═══ DATA SUPPLIED ═══

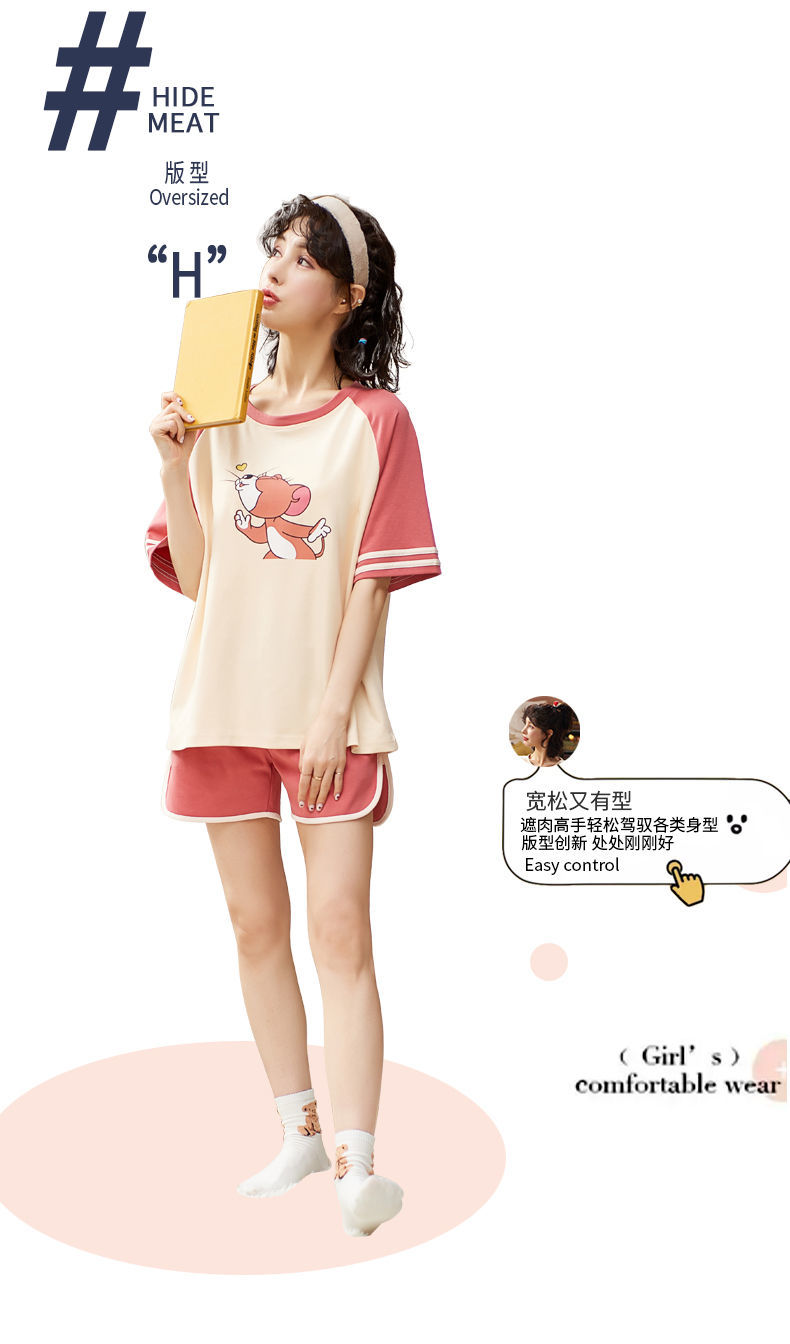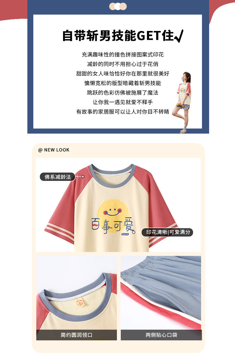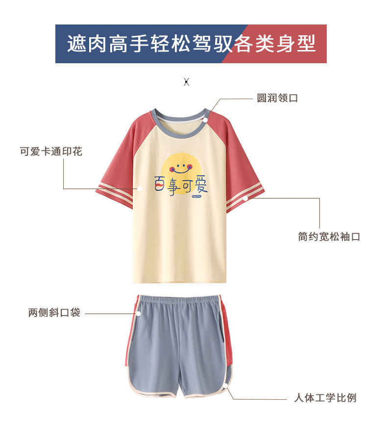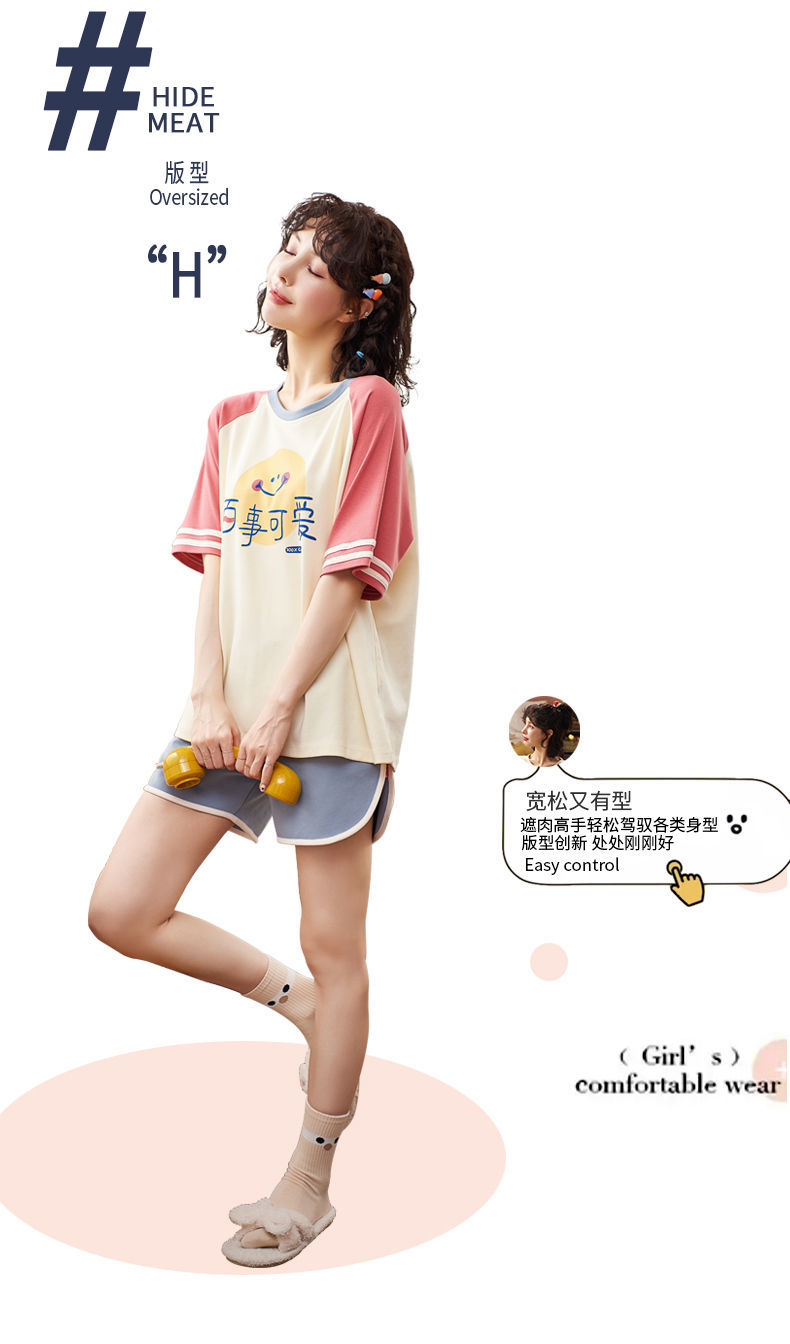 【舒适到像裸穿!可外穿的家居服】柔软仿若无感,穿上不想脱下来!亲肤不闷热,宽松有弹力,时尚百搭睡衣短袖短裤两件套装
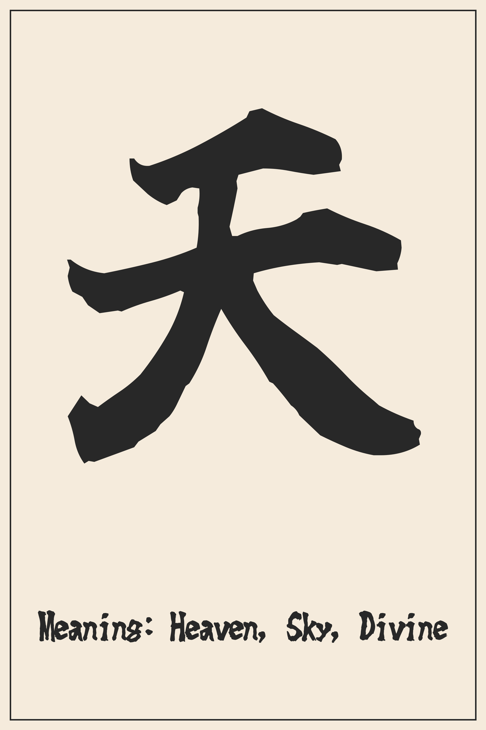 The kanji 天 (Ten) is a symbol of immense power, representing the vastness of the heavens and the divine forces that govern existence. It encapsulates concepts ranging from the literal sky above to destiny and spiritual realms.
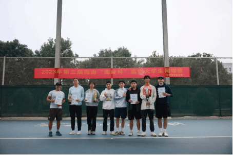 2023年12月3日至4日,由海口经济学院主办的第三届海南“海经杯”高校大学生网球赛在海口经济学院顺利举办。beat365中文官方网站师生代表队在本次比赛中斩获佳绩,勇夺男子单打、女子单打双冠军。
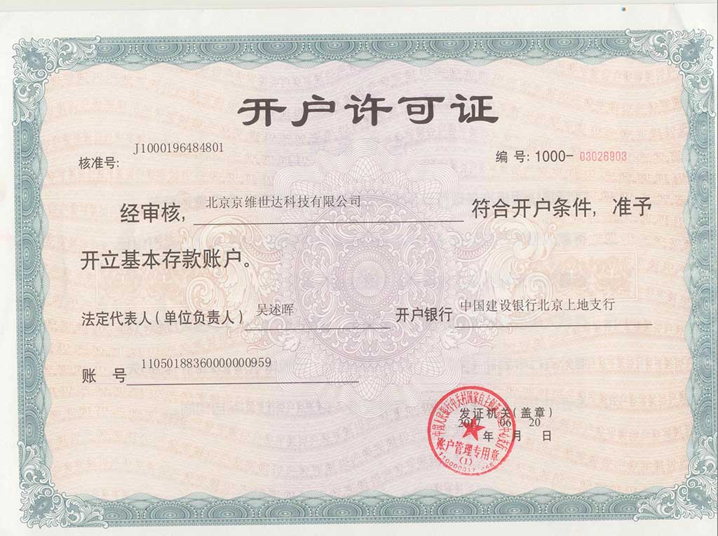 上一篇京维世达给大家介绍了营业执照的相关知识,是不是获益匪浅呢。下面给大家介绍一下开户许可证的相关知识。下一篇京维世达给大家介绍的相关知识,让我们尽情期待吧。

═══
═══ DATA SUPPLIED ═══

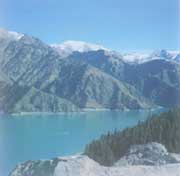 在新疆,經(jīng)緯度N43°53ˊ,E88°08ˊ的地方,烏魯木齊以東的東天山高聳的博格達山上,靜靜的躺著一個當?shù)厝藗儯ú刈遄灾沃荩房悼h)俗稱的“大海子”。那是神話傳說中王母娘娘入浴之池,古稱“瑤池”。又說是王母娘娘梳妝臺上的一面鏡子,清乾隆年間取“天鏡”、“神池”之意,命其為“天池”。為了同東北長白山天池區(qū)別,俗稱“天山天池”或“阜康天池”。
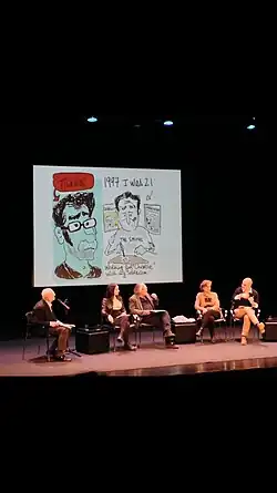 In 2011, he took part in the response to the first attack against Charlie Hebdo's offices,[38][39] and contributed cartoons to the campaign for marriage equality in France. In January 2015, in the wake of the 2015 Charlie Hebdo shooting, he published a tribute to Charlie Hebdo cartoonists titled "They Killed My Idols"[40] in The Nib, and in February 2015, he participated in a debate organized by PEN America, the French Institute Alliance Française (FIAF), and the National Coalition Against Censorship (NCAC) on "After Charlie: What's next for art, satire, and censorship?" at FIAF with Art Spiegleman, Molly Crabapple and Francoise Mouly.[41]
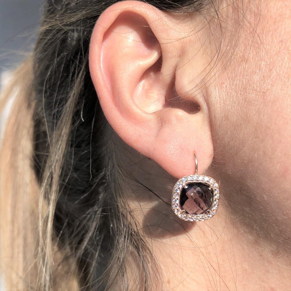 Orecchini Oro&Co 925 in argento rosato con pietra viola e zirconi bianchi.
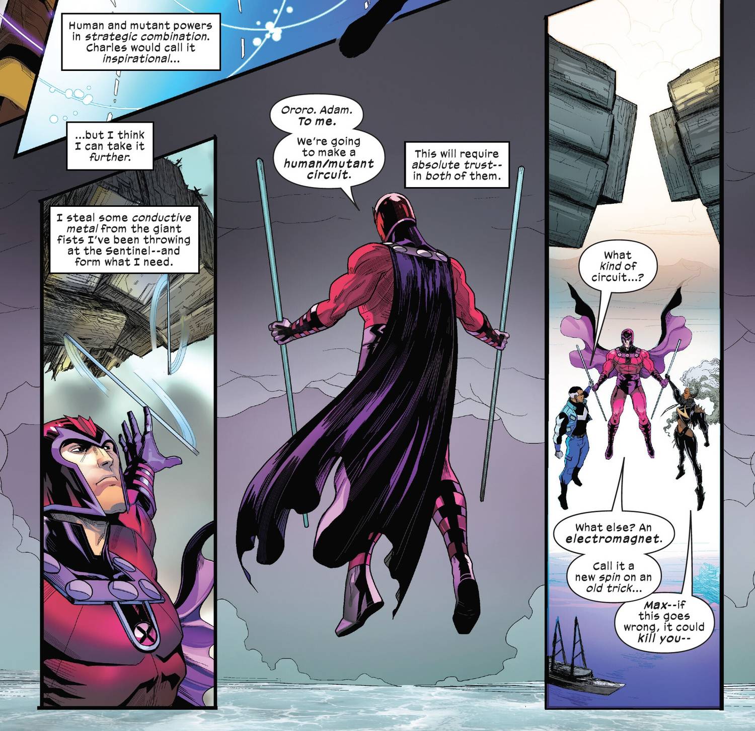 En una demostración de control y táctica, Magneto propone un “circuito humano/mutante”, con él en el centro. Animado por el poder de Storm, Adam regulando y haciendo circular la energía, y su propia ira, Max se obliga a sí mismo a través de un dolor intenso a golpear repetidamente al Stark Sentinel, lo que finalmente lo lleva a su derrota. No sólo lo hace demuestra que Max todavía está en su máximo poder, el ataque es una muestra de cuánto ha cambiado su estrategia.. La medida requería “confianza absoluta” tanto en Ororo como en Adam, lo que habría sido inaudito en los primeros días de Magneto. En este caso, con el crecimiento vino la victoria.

═══

:: TASK OBJECTIVE ::
With the pictures omitted, print the lines above exactly, beginning at the line with "The kanji 天" and going on through the line with "上一篇京维世达给大家介绍了营".

:: ANSWER TO THIS PROBLEM ::
 The kanji 天 (Ten) is a symbol of immense power, representing the vastness of the heavens and the divine forces that govern existence. It encapsulates concepts ranging from the literal sky above to destiny and spiritual realms.
 2023年12月3日至4日,由海口经济学院主办的第三届海南“海经杯”高校大学生网球赛在海口经济学院顺利举办。beat365中文官方网站师生代表队在本次比赛中斩获佳绩,勇夺男子单打、女子单打双冠军。
 上一篇京维世达给大家介绍了营业执照的相关知识,是不是获益匪浅呢。下面给大家介绍一下开户许可证的相关知识。下一篇京维世达给大家介绍的相关知识,让我们尽情期待吧。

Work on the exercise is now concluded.